DATA FOR ANALYSIS:
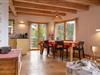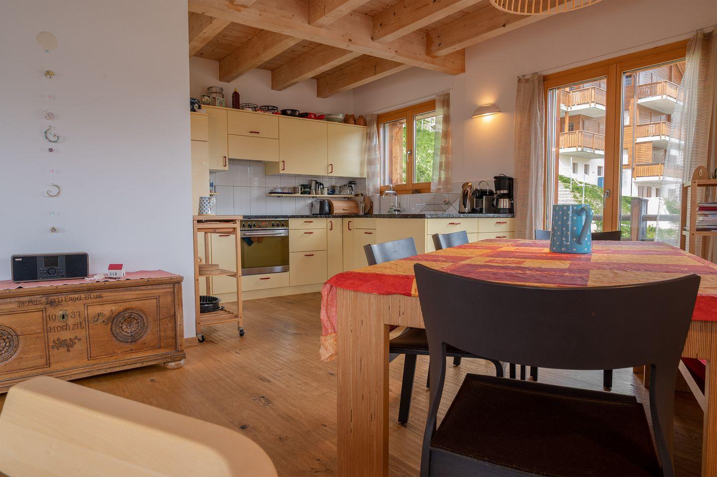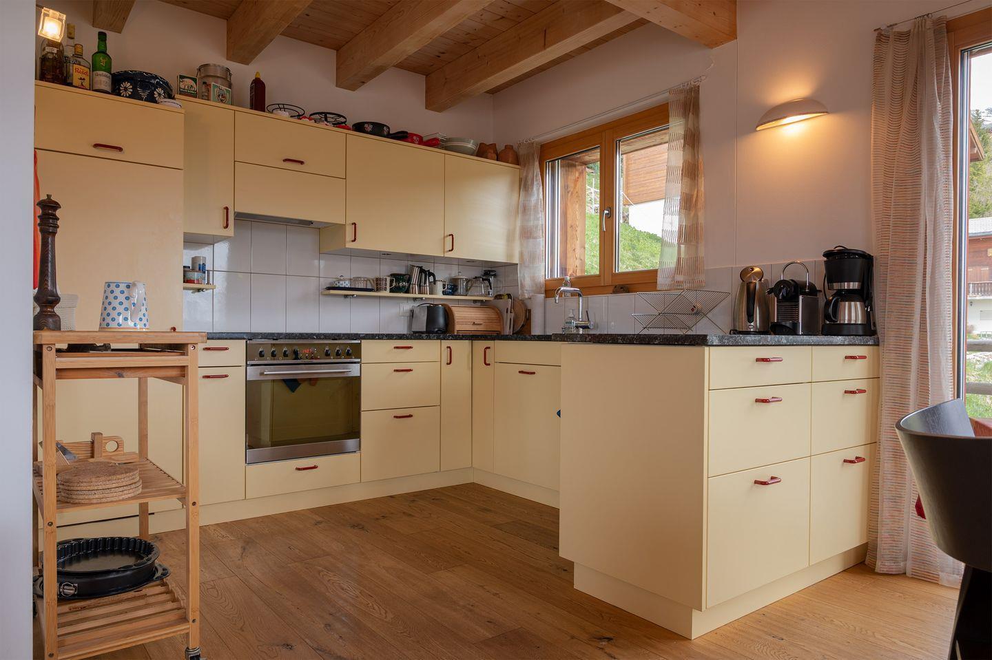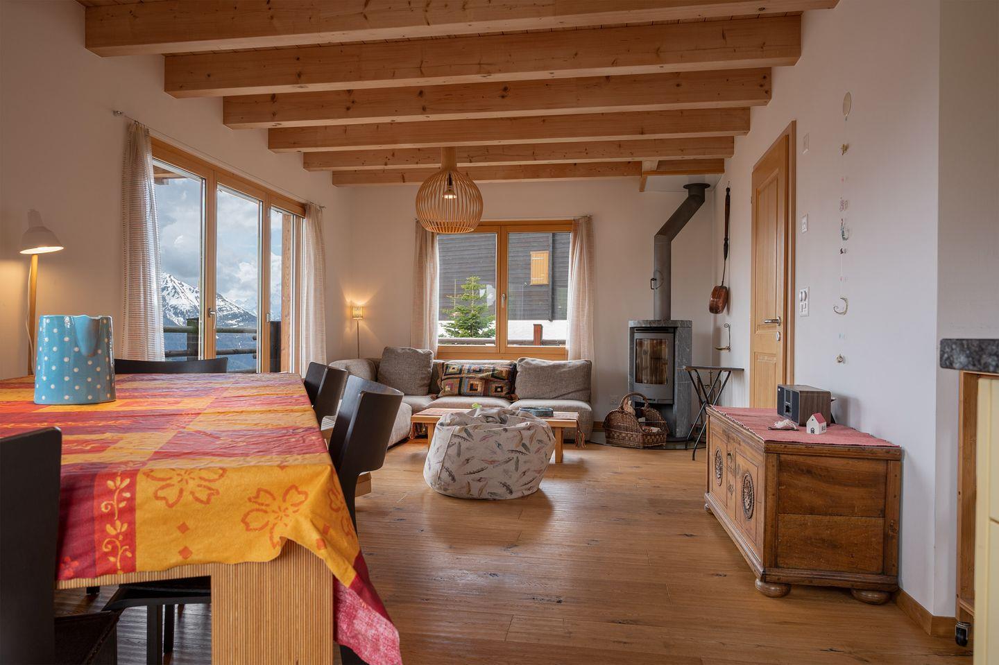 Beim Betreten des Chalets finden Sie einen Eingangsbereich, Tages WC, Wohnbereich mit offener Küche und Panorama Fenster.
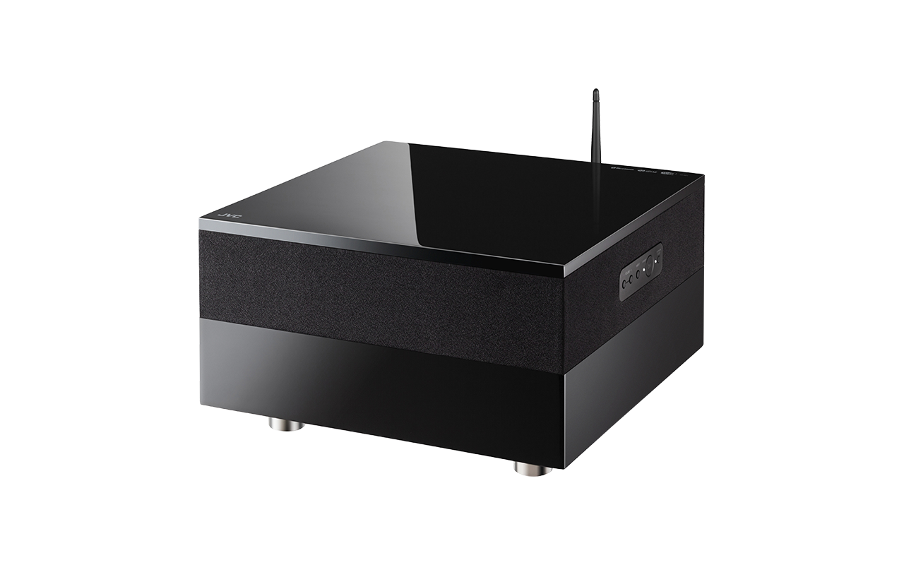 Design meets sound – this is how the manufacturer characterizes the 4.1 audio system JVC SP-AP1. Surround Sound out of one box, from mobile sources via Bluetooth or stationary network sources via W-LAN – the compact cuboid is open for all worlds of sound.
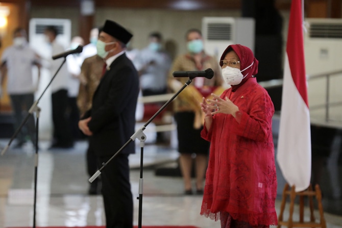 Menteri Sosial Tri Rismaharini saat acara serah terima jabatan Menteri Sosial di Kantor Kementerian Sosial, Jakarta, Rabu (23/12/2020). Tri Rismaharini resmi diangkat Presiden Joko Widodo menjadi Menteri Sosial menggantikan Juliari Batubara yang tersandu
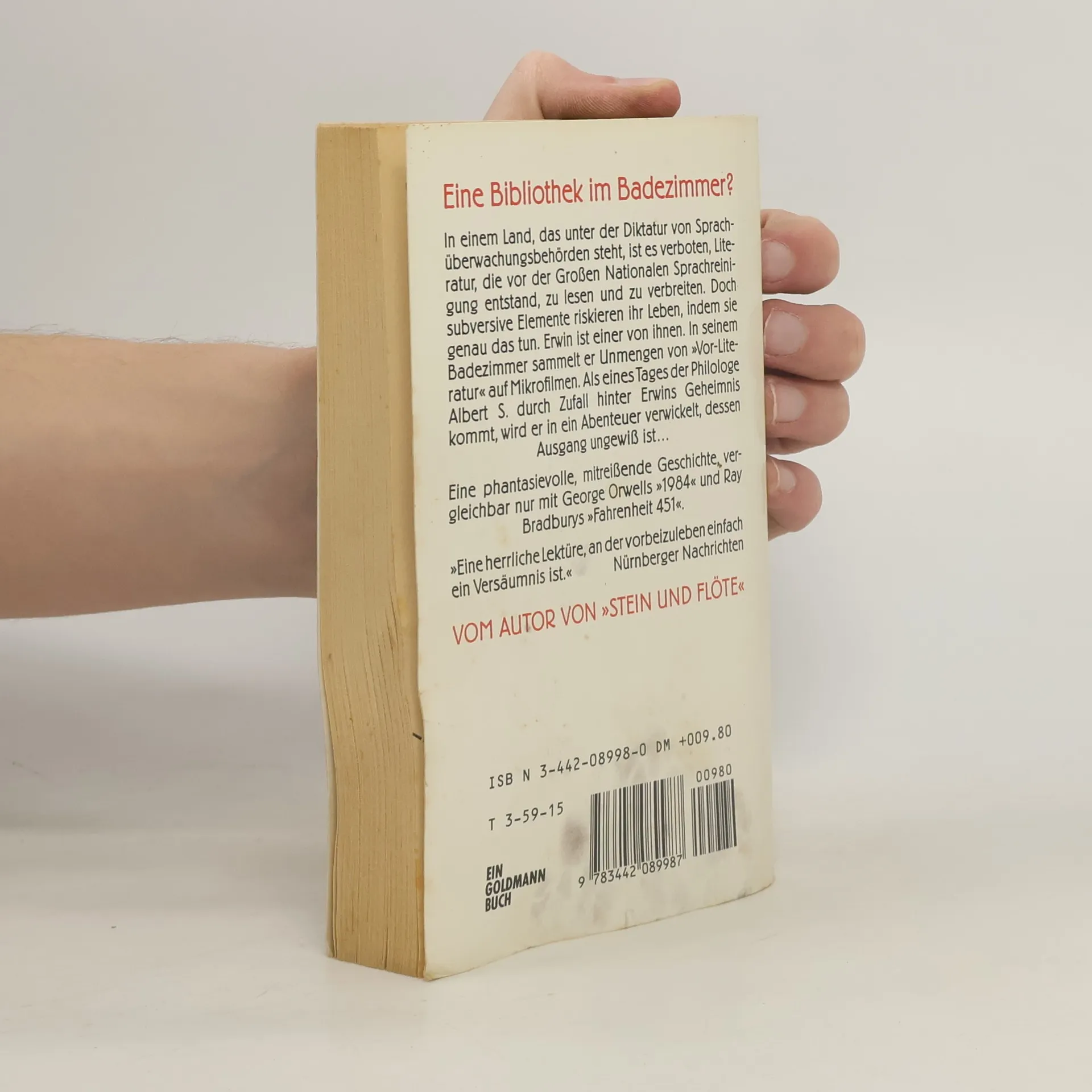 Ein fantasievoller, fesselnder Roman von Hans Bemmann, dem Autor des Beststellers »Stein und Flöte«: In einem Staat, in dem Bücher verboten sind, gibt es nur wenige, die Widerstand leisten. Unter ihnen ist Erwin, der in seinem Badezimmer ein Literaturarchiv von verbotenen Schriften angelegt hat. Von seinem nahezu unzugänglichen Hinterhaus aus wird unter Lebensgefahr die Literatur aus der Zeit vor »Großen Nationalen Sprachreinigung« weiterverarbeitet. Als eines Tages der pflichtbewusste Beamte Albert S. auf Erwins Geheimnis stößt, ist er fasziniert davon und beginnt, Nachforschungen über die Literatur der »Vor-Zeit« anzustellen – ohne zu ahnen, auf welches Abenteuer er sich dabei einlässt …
==
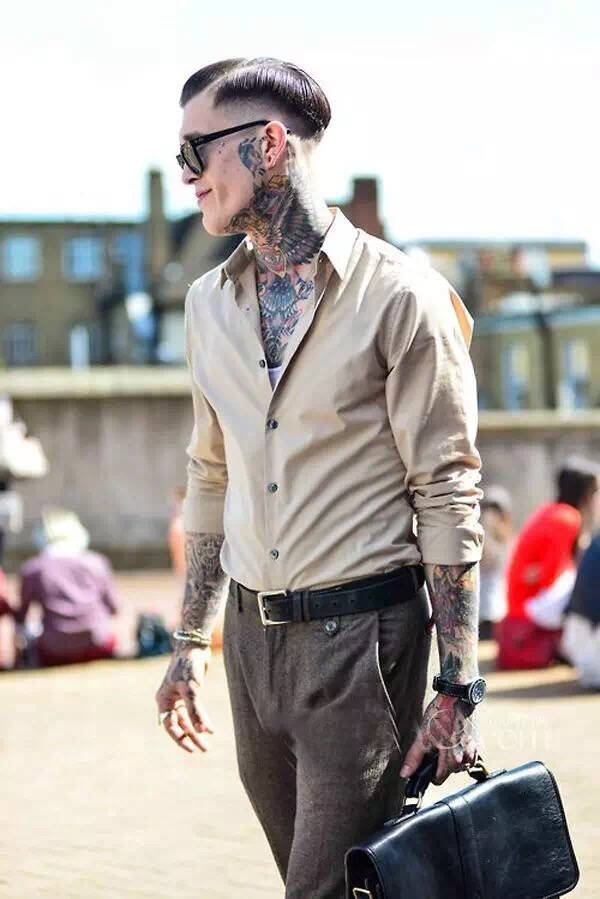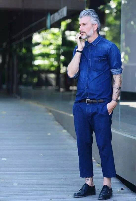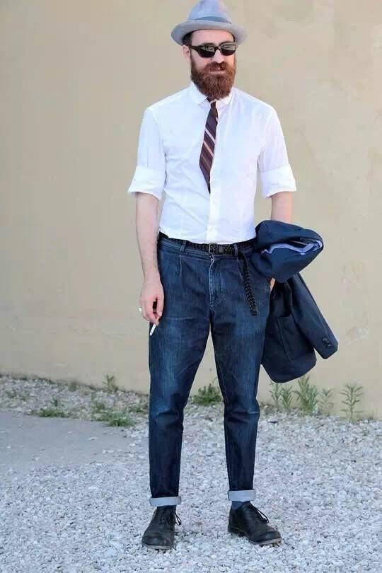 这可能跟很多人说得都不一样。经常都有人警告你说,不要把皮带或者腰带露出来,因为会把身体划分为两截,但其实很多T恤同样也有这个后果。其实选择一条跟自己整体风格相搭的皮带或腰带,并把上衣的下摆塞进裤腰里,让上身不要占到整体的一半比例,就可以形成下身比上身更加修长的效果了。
* * *
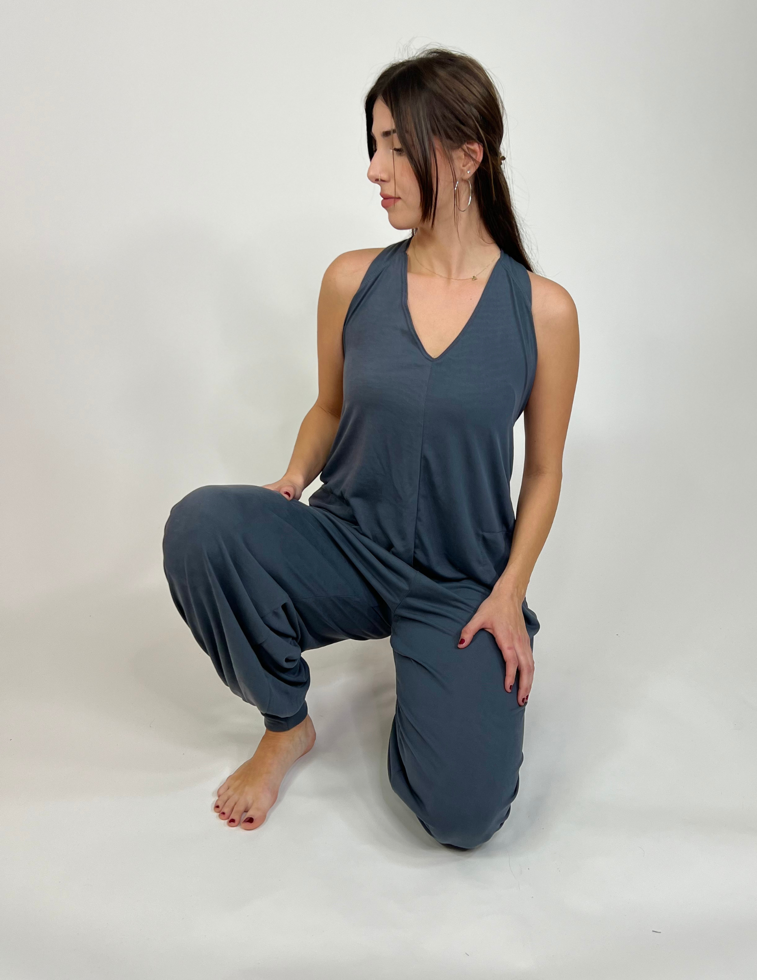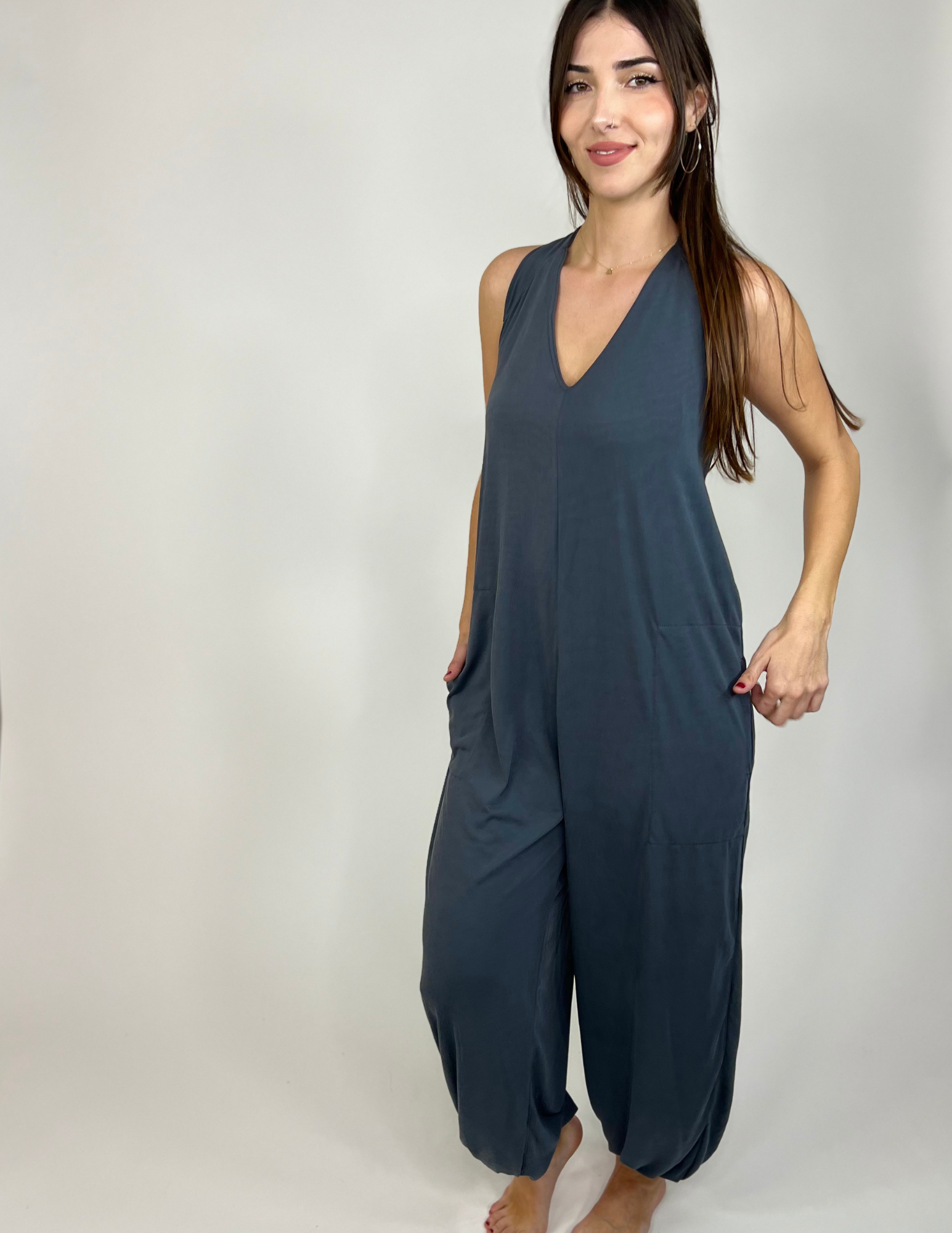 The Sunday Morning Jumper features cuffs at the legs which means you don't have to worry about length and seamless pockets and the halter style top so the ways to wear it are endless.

PROBLEM DETAILS: Nothing but the lines from the one with "Menteri Sosial Tri" up to and including the one with "Ein fantasievoller, fesselnder" should be printed, exactly as they read above. Please keep the pictures out.

SOLUTION TO THE EXERCISE:
 Menteri Sosial Tri Rismaharini saat acara serah terima jabatan Menteri Sosial di Kantor Kementerian Sosial, Jakarta, Rabu (23/12/2020). Tri Rismaharini resmi diangkat Presiden Joko Widodo menjadi Menteri Sosial menggantikan Juliari Batubara yang tersandu
 Ein fantasievoller, fesselnder Roman von Hans Bemmann, dem Autor des Beststellers »Stein und Flöte«: In einem Staat, in dem Bücher verboten sind, gibt es nur wenige, die Widerstand leisten. Unter ihnen ist Erwin, der in seinem Badezimmer ein Literaturarchiv von verbotenen Schriften angelegt hat. Von seinem nahezu unzugänglichen Hinterhaus aus wird unter Lebensgefahr die Literatur aus der Zeit vor »Großen Nationalen Sprachreinigung« weiterverarbeitet. Als eines Tages der pflichtbewusste Beamte Albert S. auf Erwins Geheimnis stößt, ist er fasziniert davon und beginnt, Nachforschungen über die Literatur der »Vor-Zeit« anzustellen – ohne zu ahnen, auf welches Abenteuer er sich dabei einlässt …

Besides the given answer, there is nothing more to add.